Search code examples
elasticsearchelasticsearch-aggregation

How can I filter doc_count value which is a result of a nested aggregation


How can I filter the doc_count value which is a result of a nested aggregation? Here is my query:

    "aggs": {
            "CDIDs": {
              "terms": {
                "field": "CDID.keyword",
                "size": 1000
              },
              "aggs": {
                "my_filter": {
                  "filter": {
                    "range": {
                      "transactionDate": {
                        "gte": "now-1M/M"
                      }
                    }
                  }
                },
                "in_active": {
                  "bucket_selector": {
                    "buckets_path": {
                      "doc_count": "_count"
                    },
                    "script": "params.doc_count > 4"
                  }
                }
              }
            }
          }

The result of the query looks like:

      {
          "aggregations" : {
            "CDIDs" : {
              "doc_count_error_upper_bound" : 0,
              "sum_other_doc_count" : 2386,
              "buckets" : [
                {
                  "key" : "1234567",
                  "doc_count" : 5,
                  "my_filter" : {
                    "doc_count" : 4
                  }
                },
                {
                  "key" : "12345",
                  "doc_count" : 5,
                  "my_filter" : {
                    "doc_count" : 5
                  }
                }
              ]
            }
          }
        }

I'm trying to filter the second doc_count value here. Let's say I wanna have docs that are > 4 so the result should be having only one aggregation result in a bucket with doc_count = 5. Can anyone help how can I do this filter? Please let me know if any additional information is required.


Solution

  • Take a close look at the bucket_selector aggregation. You simply need to specify the aggregation name in buckets_path section i.e. "doc_count":"my_filter>_count"

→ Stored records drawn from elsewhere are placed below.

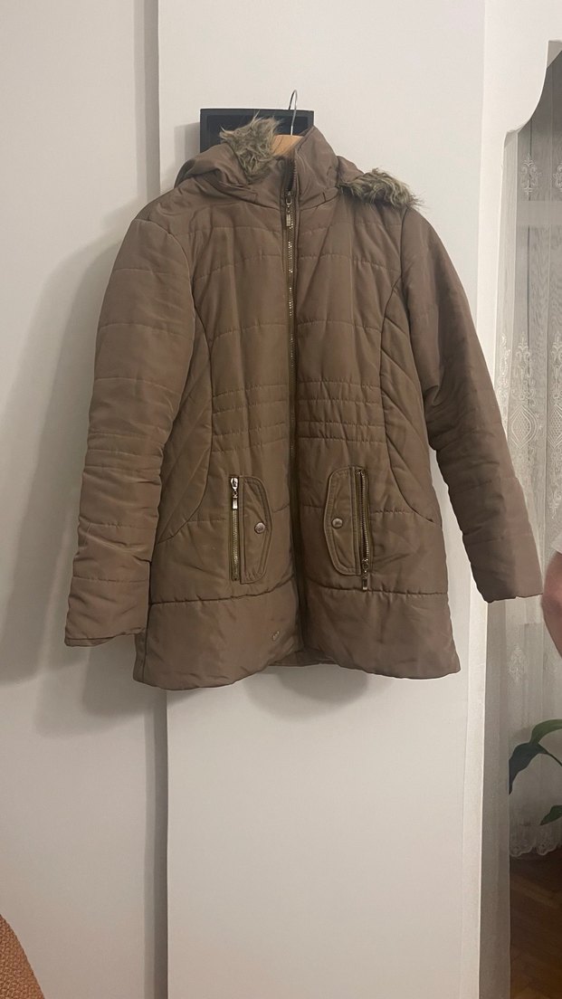 Kahve renkli, kürk detaylı kapüşonlu, uzun kollu, midi boy, dar kesim kadın mont. Sentetik kumaştan üretilmiş, günlük kullanıma uygundur.
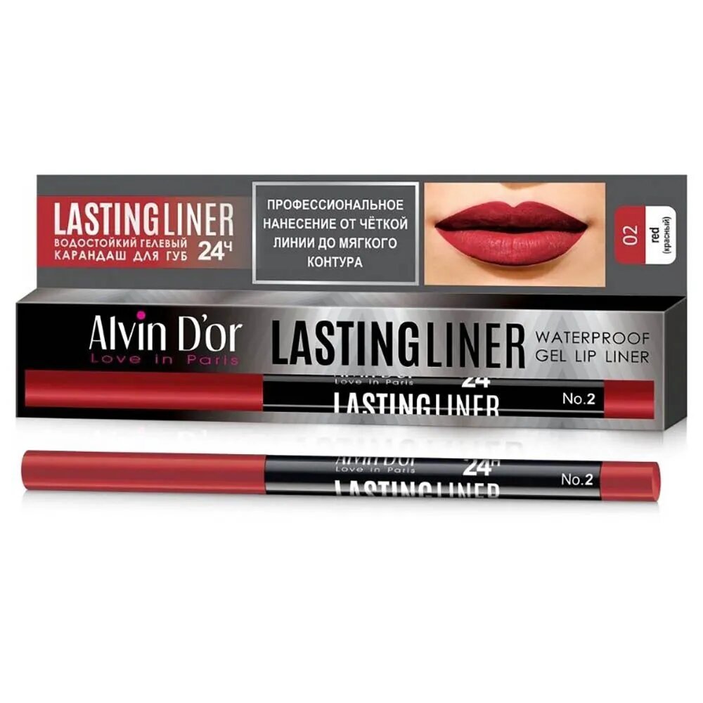 Alvin D'or Карандаш для губ гелевый водостойкий LASTINGLINER тон красный 02 0,29г
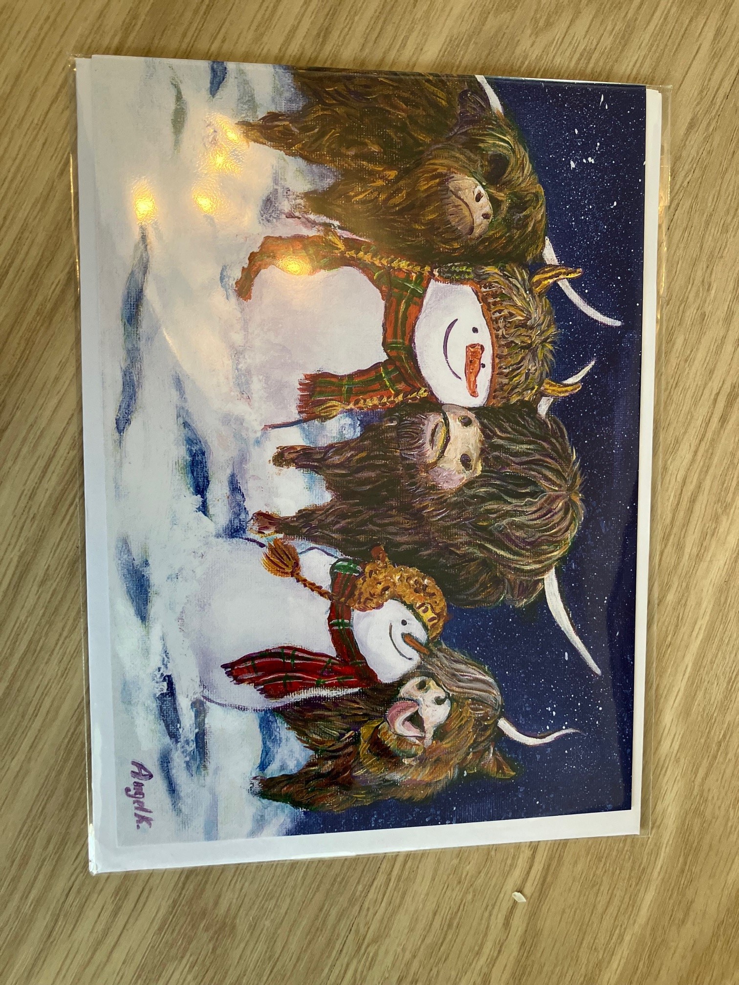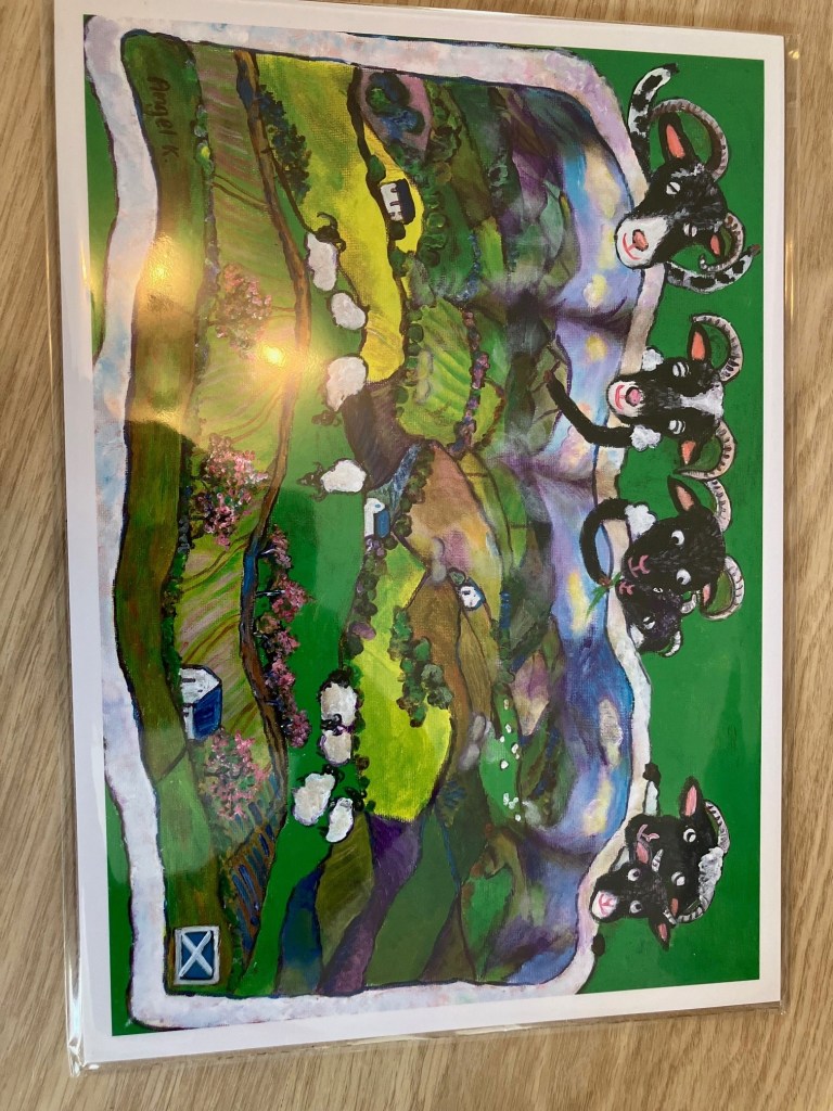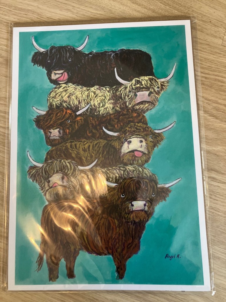 I then twirled around the greeting card stand and found the cutest print of Highland Coos at Christmastime. To my delight I also spotted this design as an A4 print and then I spotted another coo design, and then a sheep one. The prints were £15 each or 2 for £25.
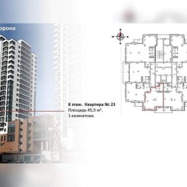 Продается 1-комн. квартира, площадью 45.5 кв.м. Жилая площадь 31.85 м2, ремонта нет, комнаты смежные, совмещенных санузлов - 1, лоджий - 1. Квартира располагается на 8 этаже 22-этажного кирпичного дома.
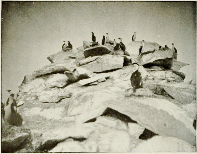 Are there not people or unknown animals in the regions around the south pole? Novelists have pictured this mysterious region since the time of Dalrymple, in 1760, with curious races of people and strange forms of animal life. It is the last unexplored expanse on the globe of sufficient area to offer room for fictitious creations of new worlds, and it will continue to be a special domain for imaginative writers for many years. From the explorations thus far, we have no reason to hope for any startling discoveries of human or other animal life. Borchgrevink, owing to his inexperience and hasty conclusions, mistook ordinary penguin tracks for the footprints of some large and unknown animal. No reliable traces of either large new animals or human beings have been found. The regions are, as homes for adapted people, far superior to the arctic lands, where the Eskimos periodically starve or live in blubbery abundance. If sailors or wild people were cast[462] adrift on the antarctic shores they would not necessarily starve. There is food and fuel, and even clothing, to be had from the seals and penguins everywhere. The life would not be full of comforts, if measured by our standards, but compared to Eskimo existence there is a decided advantage in life-sustaining prospects of the southern pole—not in climate or in the degrees of cold, but in the certainty of food. People then, if they once find a foothold, might easily thrive, but to the present we have found but one doubtful sign. This was reported by Captain Larsen, the Norwegian sealer, in 1893. Larsen found about fifty clay balls, perched on pillars of the same material, on Seymour Island, off the eastern coast of Grahamland. “These,” said Larsen, “had the appearance of having been made by human hand.”
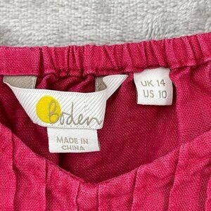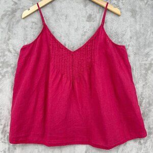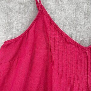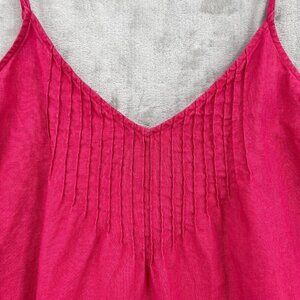 Boden Fuchsia Pink 100% Linen Pleat Front Camisole Tank Top V Neck
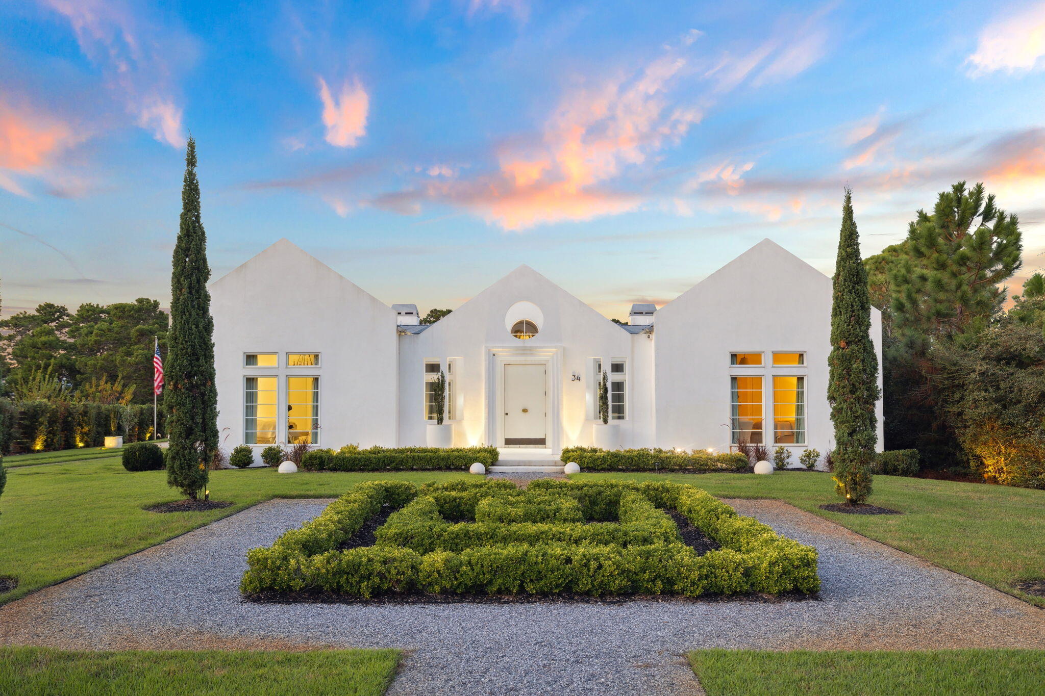 Welcome to 34 W Blue Coral Drive, a stunning blend of modern luxury and European charm, nestled in the serene beauty of Florida's Gulf Coast. Located in Blue Mountain Beach and situated off Scenic Hwy 30A, this home offers the perfect balance of resort-style living and easy access to world-class beaches, dining, shopping, and outdoor recreation.This exquisitely designed, single-level residence boasts 3,850 square feet of sophisticated living space. From the moment you step through the grand front door, you'll be welcomed by an inviting ambiance and seamless open-concept design that is perfect for both entertaining and everyday living. The central living area features a cozy fireplace framed by elegant ogee-style archways, while tumbled limestone flooring with a Schluter BEKOTEC floor system ensures year-round comfort.

    Pipeline aggregation (buckets_path) has its own syntax where > acts as a separator. Refer to this LINK for more information on this.

    Aggregation Query

    POST <your_index_name>/_search
    {  
       "size":0,
       "aggs":{  
          "CDIDs":{  
             "terms":{  
                "field":"CDID.keyword",
                "size":1000
             },
             "aggs":{  
                "my_filter":{  
                   "filter":{  
                      "range":{  
                         "transactionDate":{  
                            "gte":"now-1M/M"
                         }
                      }
                   }
                },
                "in_active":{  
                   "bucket_selector":{  
                      "buckets_path":{  
                         "doc_count":"my_filter>_count"
                      },
                      "script":"params.doc_count > 4"
                   }
                }
             }
          }
       }
    }
    

    Hope it helps!